The hypotenuse of an isosceles right angled triangle has its ends at the points $(1,3)$ and $(-4,1)$. Find the equation of the legs (perpendicular sides) of the triangle.
My Approach,
Since the triangle us an isosceles right angles triangle, it has three angles $90°$, $45°$ and $45°$ respectively.
Also, the equation of the hypotenuse is given by: $$y-y_1=\frac {y_2-y_1}{x_2-x_1} (x-x_1)$$ $$y-3=\frac {1-3}{-4-1} (x-1)$$ $$y-3=\frac {2}{5} (x-1)$$ $$5y-15=2x-2$$ $$2x-5y+13=0$$
I am stuck at here. Please help me to complete it.
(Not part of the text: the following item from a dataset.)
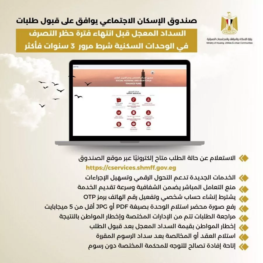 كما أكدت على أن جميع هذه الإجراءات يُشترط لتنفيذها قيام العميل بسداد كامل المستحقات الخاصة بالوحدة السكنية طرف جهة التمويل وتقديم إفادة مخالصة سداد كامل الثمن.
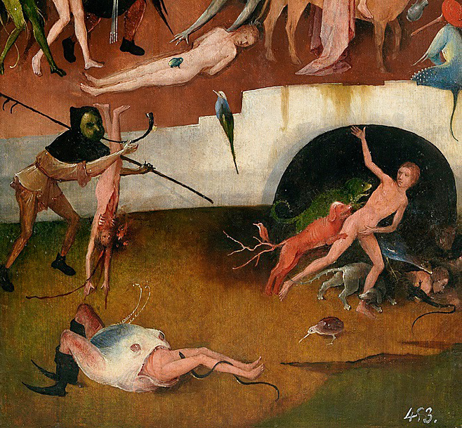 1500-Hieronymus Bosch (1450-1516). Der Garten der Lüste, 1500-1505. Rechter Flügel. Detail. Museo del Prado Madrid.

For an isosceles right angled triangle, the perpendicular from the vertex opposite the hypotenuse to the hypotenuse bisects the hypotenuse. Moreover, its length is equal to half the length of the hypotenuse.
So, it is easy to find the third vertex. By the mid-point formula, the mid-point of the hypotenuse is, $$x_m=\frac{1-4}{2}=-\frac{3}{2}$$ $$y_m=\frac{3+1}{2}=2$$
Now, find the distance between this and any end point. The length of the perpendicular is the same distance. Moreover, the slope of the perpendicular is the negative of the reciprocal of the slope of the hypotenuse, a property of perpendicular lines. So, the equation of the perpendicular can be found and the third vertex can be found.
Using the two point form of the equation of a line, the equations of the legs can also be found.